The symphony follows a traditional four-movement scheme (Andante, Scherzo, Adagio, and a presto Finale). The first movement is a bit unusual, for instead of sonata-allegro we get something like a passacaglia, where all the paragraphs take roughly the same amount of time. If we think of the finale of the Brahms fourth, the movement becomes less out-of-the-way. Stevens adheres to the traditional rhetorical strategy of passacaglias - increasing tension with each paragraph. The movement begins in quiet brooding, builds to a final climax, and then, all passion spent, quickly fades.

The scherzo rages like an angry wasp. The trio surprises a bit, with traces of a pawky Prokofieff sardonicism. In a general way, the Adagio unfolds like the Barber Adagio for Strings, with a series of upward yearnings and fallbacks - my favorite movement of the symphony. The finale - a rondo structure - follows without a pause. Its "theme" is generally a very quick, highly contrapuntal version of the Adagio's basic idea. Beautifully lyric "episodes" break in. Ideas from earlier movements reappear, usually from the Andante and the Adagio. The symphony goes out in a glory of percussion and brass.
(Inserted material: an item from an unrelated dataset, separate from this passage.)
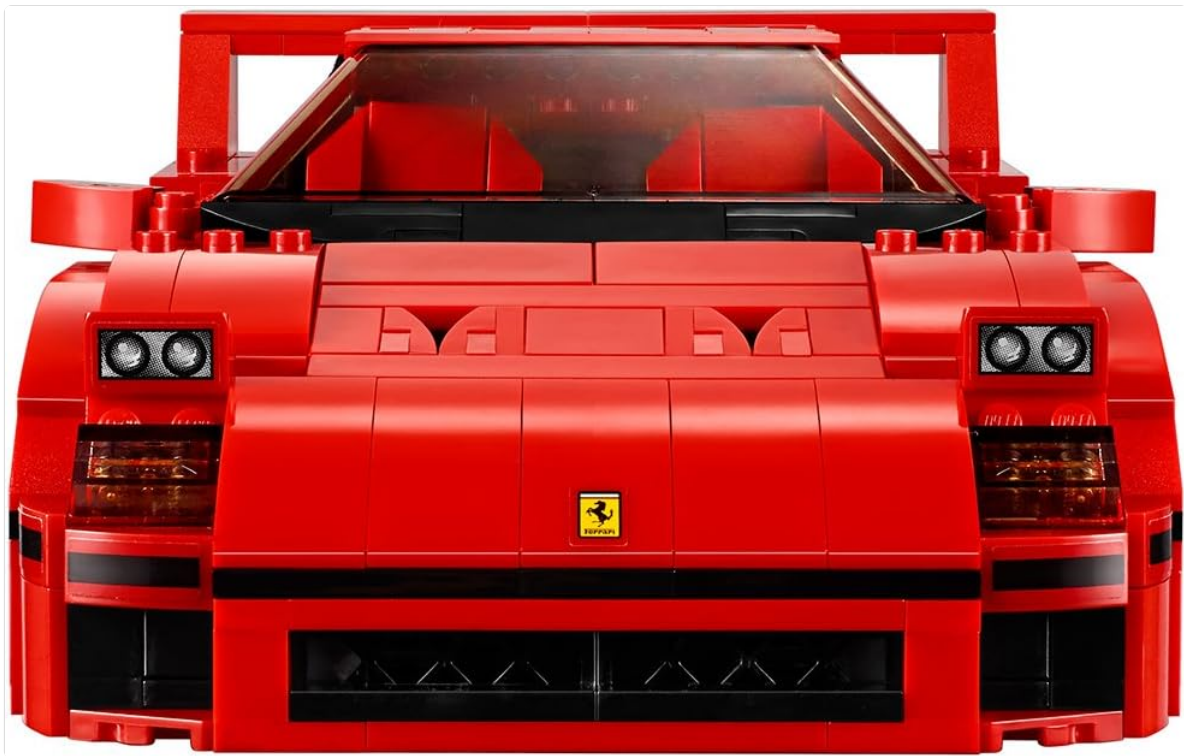
Figure 3.4: A direct front view of the LEGO Ferrari F40. The pop-up headlights are shown in their extended position, adding to the dynamic appearance of the model.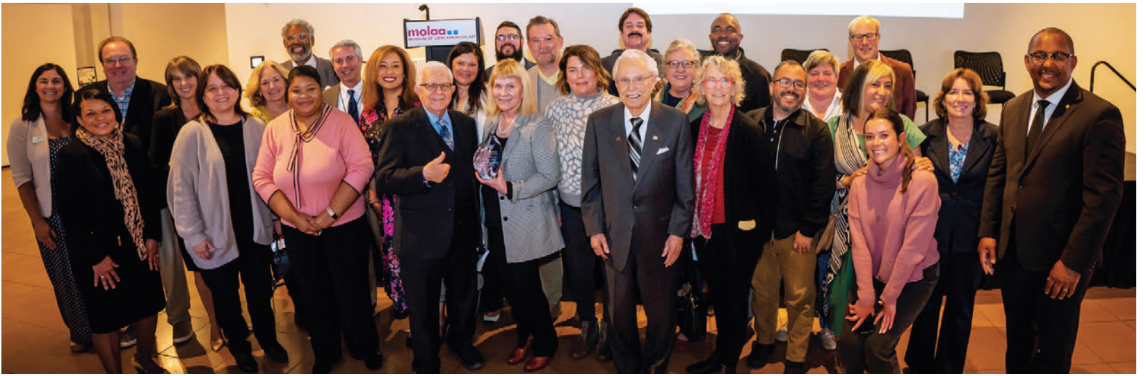
Leadership Long Beach Alumni.

Kovacic is a tremendous violinist, assuming the role of hero with graceful strength. Downes and the BBC Philharmonic turn in performances that at least have the measure of both scores. In short, they make a strong case for Stevens. If you like the "hard" Vaughan Williams and Walton, I believe after hearing this CD you will want to acquire all the Stevens you can get your hands on. That's certainly how these readings affected me. On the other hand, I feel these stand among the best works of the century, and I'd love to hear what a sympathetic conductor of a major orchestra - like Simon Rattle or Michael Tilson Thomas, for example - would make of them.

The sound is fine, though not spectacular.